Part of this work has been learning to do what’s sustainable. Sustainability, especially as a disabled person, is vital, occasionally unpredictable, and entirely dependent on the individual, the day, and your personal circle of support. We cannot effectively organize or protect ourselves if we’re burnt out. We cannot do everything alone and expect to not burn out. Measuring what you’re capable of doing long term is a learning process and a skill. Do not feel bad if you’re bad at it right now. This is a skill you can hone. A skill that takes time and patience to hone. It is not an innate property of the universe.
Much of the work behind resisting fascistic rule begins with learning skills. Both the emotional— effectively communicating, advocating for yourself and others, having compassion for people you don't know, putting aside pride for the sake of uplifting others, taking pride in your accomplishments— and logistical— how to disseminate information, identifying and meeting the needs of the situation, pivoting when circumstances change, street medic training, how systems of power work.
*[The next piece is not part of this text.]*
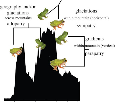 | Figure 1. Alternative processes driving diversification in a mountain setting and expected patterns of sister-lineage distributions (summarized in the electronic supplementary material, table S1). |

This is all honed with practice. Then you get into direct action: this is effective protest, sit-ins, civil disobedience, targeted and focused boycotts, strikes. This is what people think of when you mention political activism and its the overt displays of political and economic power from the people. Mutual aid has been the popularized term for the supportive work that maintains society and uplifts people oppressed by systems of oppression. This is your food shelves, your benefit shows, bail funds, gathering materials to keep your neighbors warm and fed, carpools and caravans for getting folks care in other states or escaping violence, supply runs for neighbors in hiding, patrolling known areas where prisons dump newly released detainees without resources, neighborhood watches, aftercare for victims of assault and violence and prison systems. Even the invisible labor of holding space is vital to the longevity of any movement: these are the people who feed the activists, people who hold space for friends or community to meet and talk, people who take on and assist with funeral preparations for the fellows we’ve lost, the people who mediate when conflict arises within our own ranks.
You are not meant to do all this work alone. In fact, none of the actions here are meant to be organized and run and carried out by a single person. Communities are made of dozens, if not hundreds of people. Organizations, no matter how grassroots, rely on multiple members all playing different but incredibly important parts. Our power is not individual, it's in collective care. Trust when your body tells you you’re doing enough, because I promise you are.